▸ EXERCISE MATERIALS:
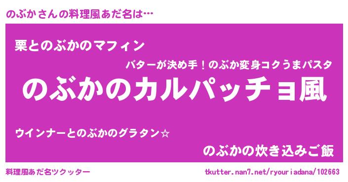 | 女子向けラノベタイトル風あだ名 | 『のぶかが死なない童話 林檎ののぶかの診療簿』 |
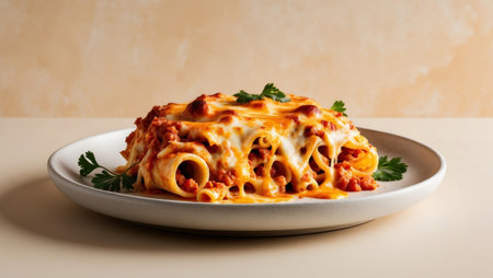 Freshly baked lasagna with healthy vegetable sauce generated by artificial intelligence
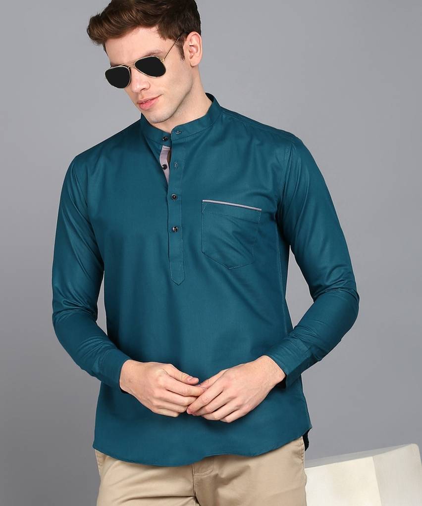 MILDIN Men Solid Casual Dark Blue Shirt
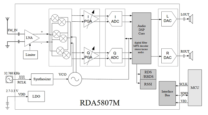 auch der Bausteintyp RDA5820N anzusprechen. Im Vergleich zum RDA5807M
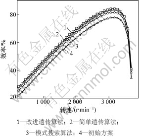 初始方案与各种算法的电机效率与转速的关系曲线变化图,如图2所示。
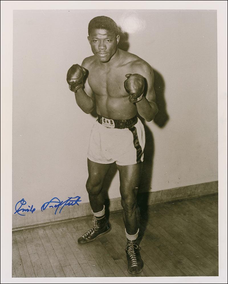 Glossy 8 x 10 full-length photo of Griffith in his prime, signed in blue felt tip. In fine condition.
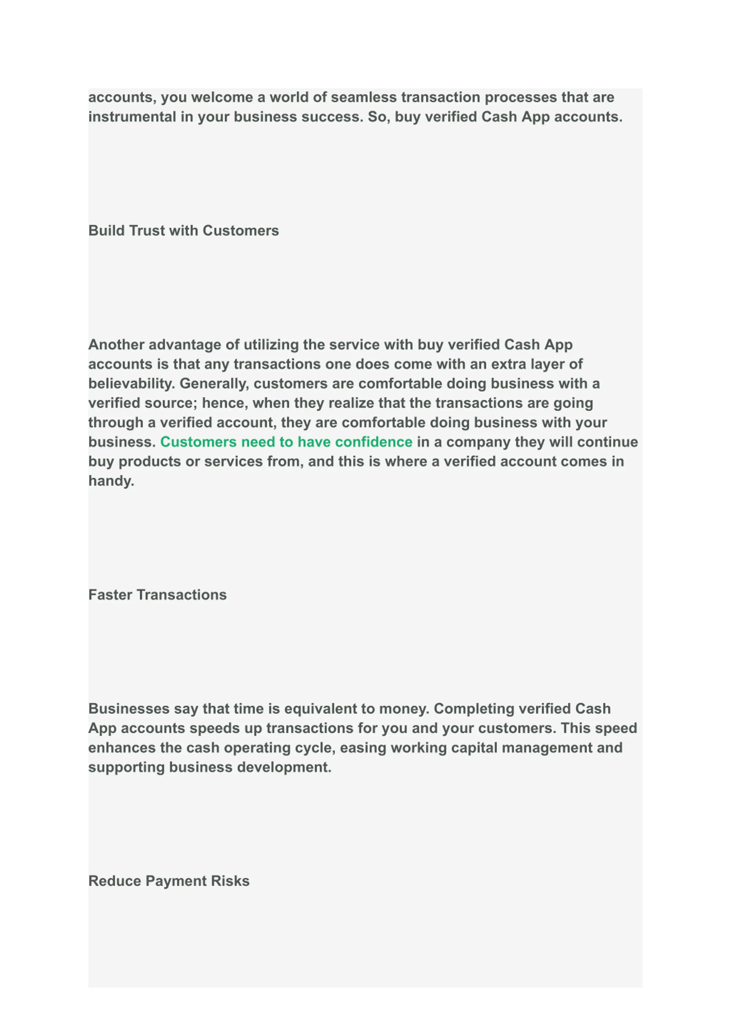 accounts, you welcome a world of seamless transaction processes that are instrumental in your business success. So, buy verified Cash App accounts. Build Trust with Customers Another advantage of utilizing the service with buy verified Cash App accounts is that any transactions one does come with an extra layer of believability. Generally, customers are comfortable doing business with a verified source; hence, when they realize that the transactions are going through a verified account, they are comfortable doing business with your business. Customers need to have confidence in a company they will continue buy products or services from, and this is where a verified account comes in handy. Faster Transactions Businesses say that time is equivalent to money. Completing verified Cash App accounts speeds up transactions for you and your customers. This speed enhances the cash operating cycle, easing working capital management and supporting business development. Reduce Payment Risks
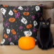 A cute hand drawn illustration of festive blend of ghosts and pumpkins on a black background, evoking a playful Halloween spirit.
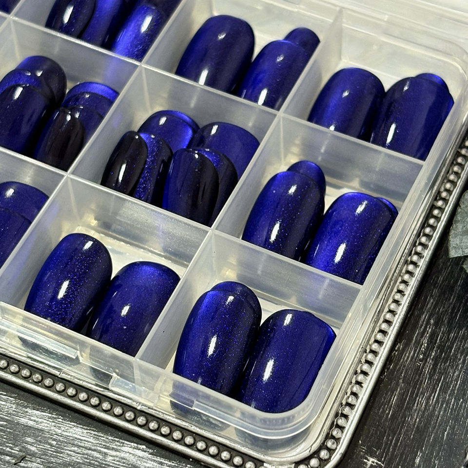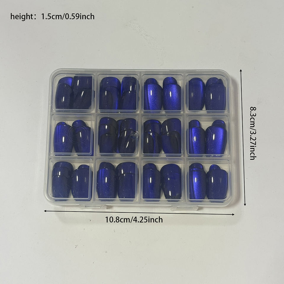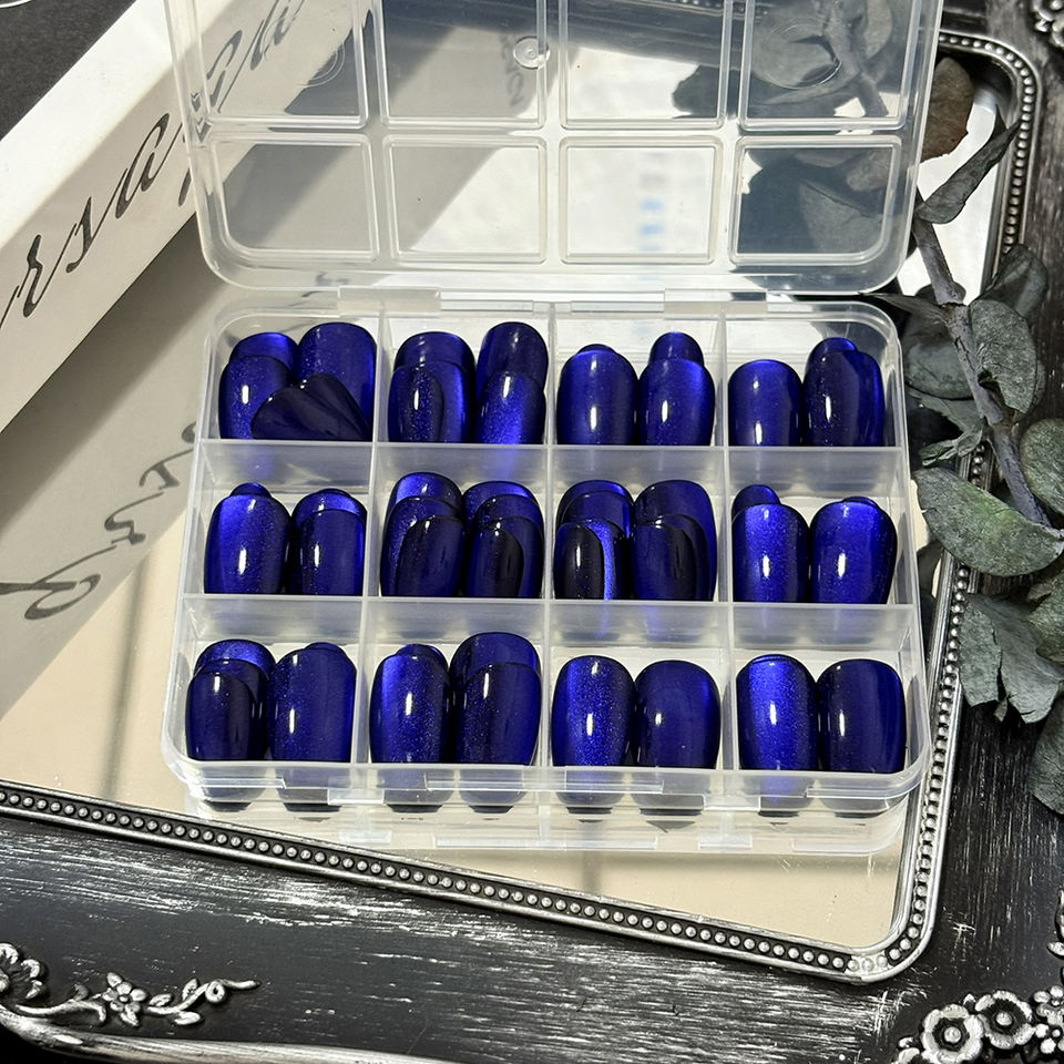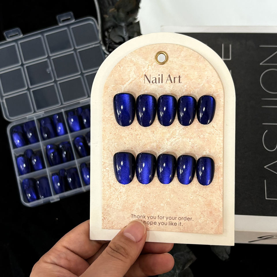 เล็บปลอมอะคริลิคแบบกดติด 144 ชิ้น สีน้ำเงินรอยัล ทรงรี ปลายเล็บทรงอัลมอนด์ ประดับกลิตเตอร์ ทำมือ ลายตาแมว ชุดเล็บปลอม
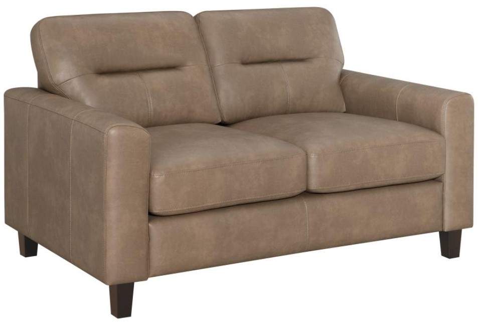 Defined cushions offer medium-firm support with tailored topstitch detail
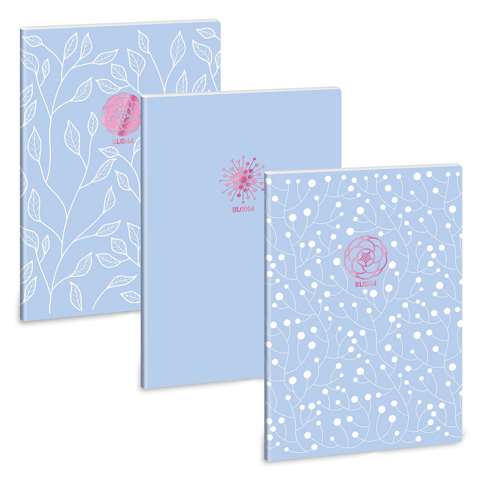 - Viláoskék füzetek fémesen csillogó, dombornyomott logóval
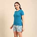 Pepe Jeans Solid T Shirt & Printed Shorts Sleepset - Teal Floral, 2 pcs (Size - 2XL)
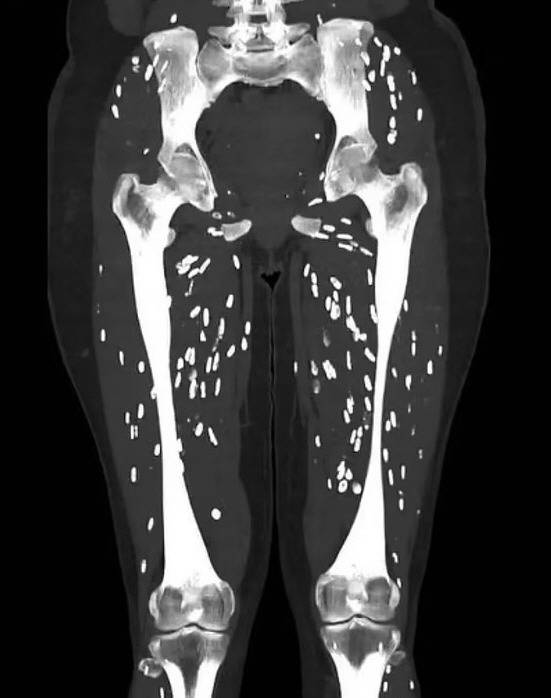 트란스케이 대학 신경학과 내과 의료진에 따르면, 42세 남성은 약 2년간 두통과 함께 복부에 0.7~2.5cm 크기의 여러 종양이 생기는 증상을 보였다.
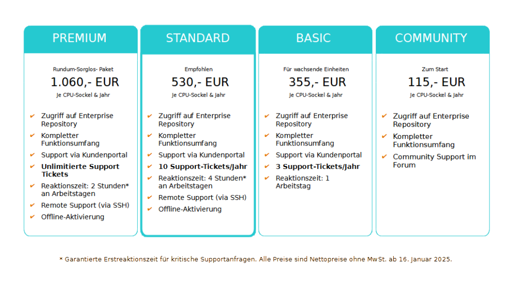 - Neben der Community-Edition gibt es noch drei weitere Subskriptionseditionen, die jeweils unterschiedliche Supportleistungen beinhalten.

▸ ACTION ITEM: Set down the records above exactly as written, beginning with the first line and ending with the line that contains "Glossy 8 x 10", and do not include pictures.

▸ EXERCISE SOLUTION:
 | 女子向けラノベタイトル風あだ名 | 『のぶかが死なない童話 林檎ののぶかの診療簿』 |
 Freshly baked lasagna with healthy vegetable sauce generated by artificial intelligence
 MILDIN Men Solid Casual Dark Blue Shirt
 auch der Bausteintyp RDA5820N anzusprechen. Im Vergleich zum RDA5807M
 初始方案与各种算法的电机效率与转速的关系曲线变化图,如图2所示。
 Glossy 8 x 10 full-length photo of Griffith in his prime, signed in blue felt tip. In fine condition.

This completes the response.